Khaalishah, yaitu khusus untukmu, sebagaimana dalam firman Allah, “Sesungguhnya Kami telah mensucikan mereka dengan (menganugerahkan kepada mereka) akhlak yang tinggi yaitu selalu mengingatkan (manusia) kepada negeri akhirat.” (QS. Shâd [38]: 46)
Mukhlishan, yaitu orang yang ikhlas memperjuangkan agamanya hanya untuk Allah semata, dan tidak ada cela sedikit pun. Kadangkala kata mukhlishan dipadukan dengan kata mukhlishin. Seperti dalam firman Allah, “Katakanlah, ‘Hanya Allah saja yang aku sembah dengan memurnikan ketaatan kepada-Nya dalam (menjalankan) agamaku.’” (QS. Az-Zumar [39]: 14);
“Katakanlah, ‘Sesungguhnya aku diperintahkan supaya menyembah Allah dengan memurnikan ketaatan kepada-Nya dalam (menjalankan) agama.’” (QS. Az-Zumar [39]: 11)
Mukhlashan, kadangkala kata ini dipadukan dengan kata mukhalashin. Seperti dalam firman Allah, “Sesungguhnya dia adalah orang yang dipilih dan seorang rasul dan nabi.” (QS. Maryam [19]: 51)
Setiap kata ikhlas dalam al-Qur`an pasti mengandung salah satu makna di atas.
Hakikat ikhlas -seperti yang akan kami bahas nanti- adalah berlepas diri dari segala sesuatu selain Allah Swt. Apabila kata ikhlas dihubungkan dengan kaum muslimin, maka mengandung makna bahwa mereka berlepas diri dari klaim Yahudi tentang tasybih (penyerupaan Uzair dengan Allah) dan klaim Nasrani tentang tatliist (trinitas).
Agar kami bisa memperjelas makna ikhlas seperti yang terdapat dalam al-Qur`an, maka kami akan memaparkan beberapa ayat al-Qur`an yang menyinggung kata ikhlas.
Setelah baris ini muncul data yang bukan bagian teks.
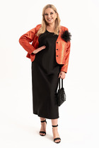 Комплект женский 2-х предмеиный ( пиджак, юбка) из 2-х видов ткани. Отдельные части комплекта лекго будут сочетаться с другими предметами вашего гардероба. Очень теплый пиджак прилегающего силуэта с баской на подкладке. По полочке прилегание создается за счет выточки по линии талии, по спинке- средний шов и выточки. Воротник пиджачного типа. По полочке идет отделка в виде хлястиков и клапана. Рукав втачной, 2-хшовный. Юбка-карандаш на подкладке. По спинке молния и шлица, в пояс вставлена резинка. Длина пиджака (по спинке)-58 см. Длина рукава- 61см. Длина юбки-63см.
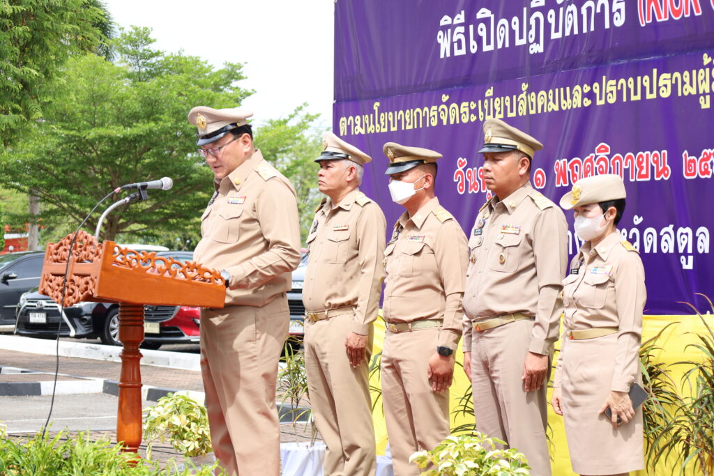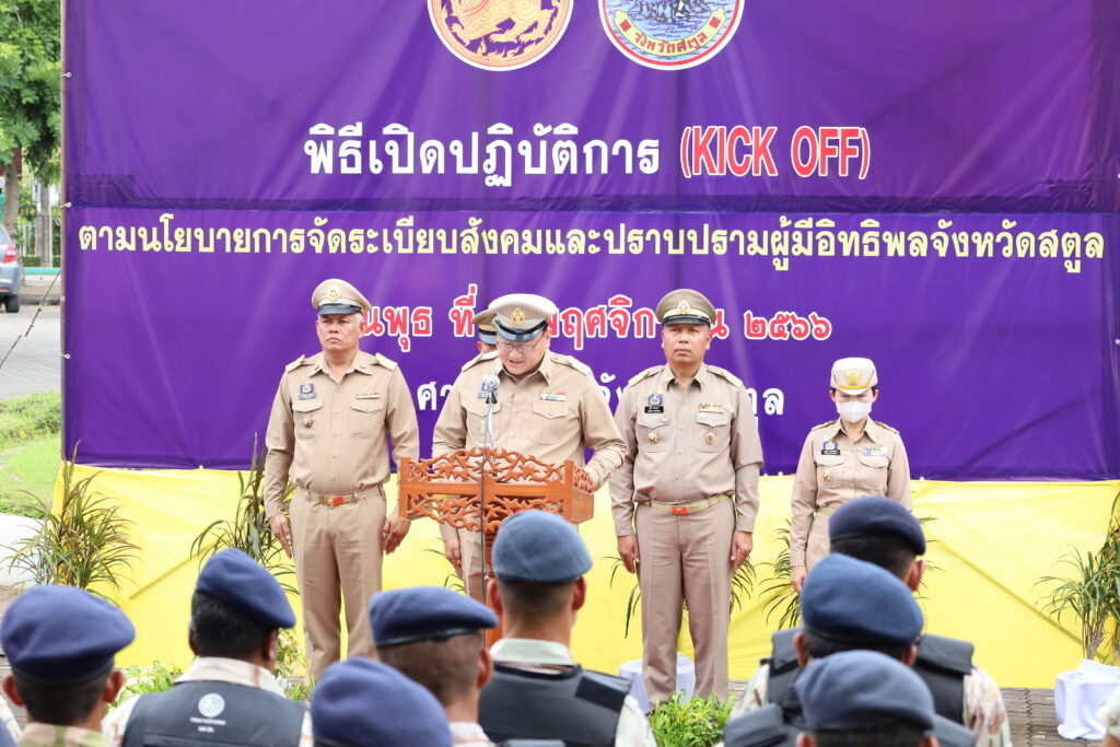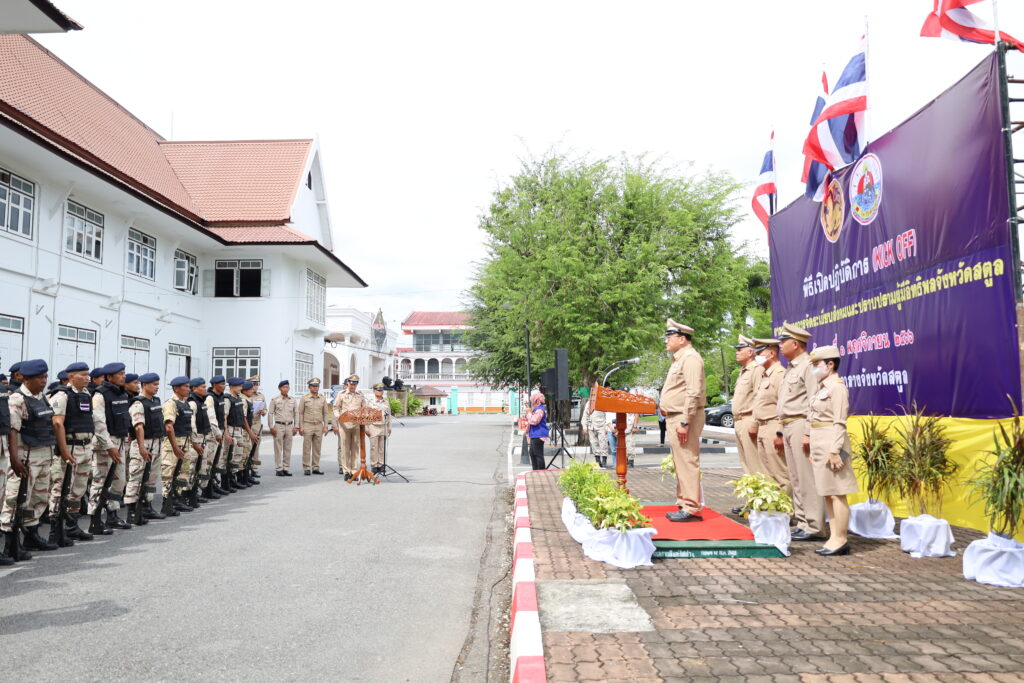 วันนี้ 1 พ.ย. 66 ที่บริเวณศาลากลางจังหวัดสตูล อำเภอเมือง จังหวัดสตูล นายศักระ กปิลกาญจน์ ผู้ว่าราชการจังหวัดสตูล เป็นประธานในพิธีเปิดปฏิบัติการ Kick Off และปล่อยแถวรถตรวจการเพื่อขับเคลื่อนนโยบายการจัดระเบียบสังคมและปราบปรามผู้มีอิทธิพล เพื่อความสงบเรียบร้อยของสังคมในพื้นที่จังหวัดสตูล โดยมีนายชาตรี ณ ถลาง รองผู้ว่าราชการจังหวัดสตูล นายชูชีพ ธรรมเพชร รองผู้ว่าราชการจังหวัดสตูล นายวิชาญ ชัยเศรษฐสัมพันธ์ ปลัดจังหวัดสตูล พร้อมด้วยเจ้าหน้าที่จากชุดปฎิบัติการพิเศษฝ่ายปกครองจังหวัดสตูลและเจ้าหน้าที่ที่เกี่ยวข้องเข้าร่วมกิจกรรมป็นจำนวนมาก นอกจากนี้ จะมีการเปิดศูนย์ปฎิบัติการ Kick Off โดยชุดปฎิบัติการพิเศษฝ่ายปกครองอำเภอ ทั้ง 7 อำเภอในพื้นที่จังหวัดสตูลโดยพร้อมเพรียงกัน

Pertama: Allah berfirman, “Katakanlah, ‘Tuhanku menyuruhku menjalankan keadilan.’ Dan (katakanlah), ‘Luruskanlah wajah kalian di setiap shalat dan sembahlah dengan mengikhlaskan ketaatan kalian kepada-Nya. Sebagaimana Dia telah menciptakan kami pada permulaan (demikian pulalah) kalian akan kembali kepada-Nya).’” (QS. Al-A’râf [7]: 29)
Kata “al-Qisth” dalam ayat di atas berarti konsisten dan bijaksana. Makna ayat tersebut adalah, Allah memerintahkan kalian untuk beribadah hanya kepada-Nya di setiap waktu dan tempat. “Mengikhlaskan ketaatan kalian kepada-Nya.” Maksudnya, hendaknya kalian mengkihlaskan ketaatan kalian untuk mengharapkan keridhaan Allah.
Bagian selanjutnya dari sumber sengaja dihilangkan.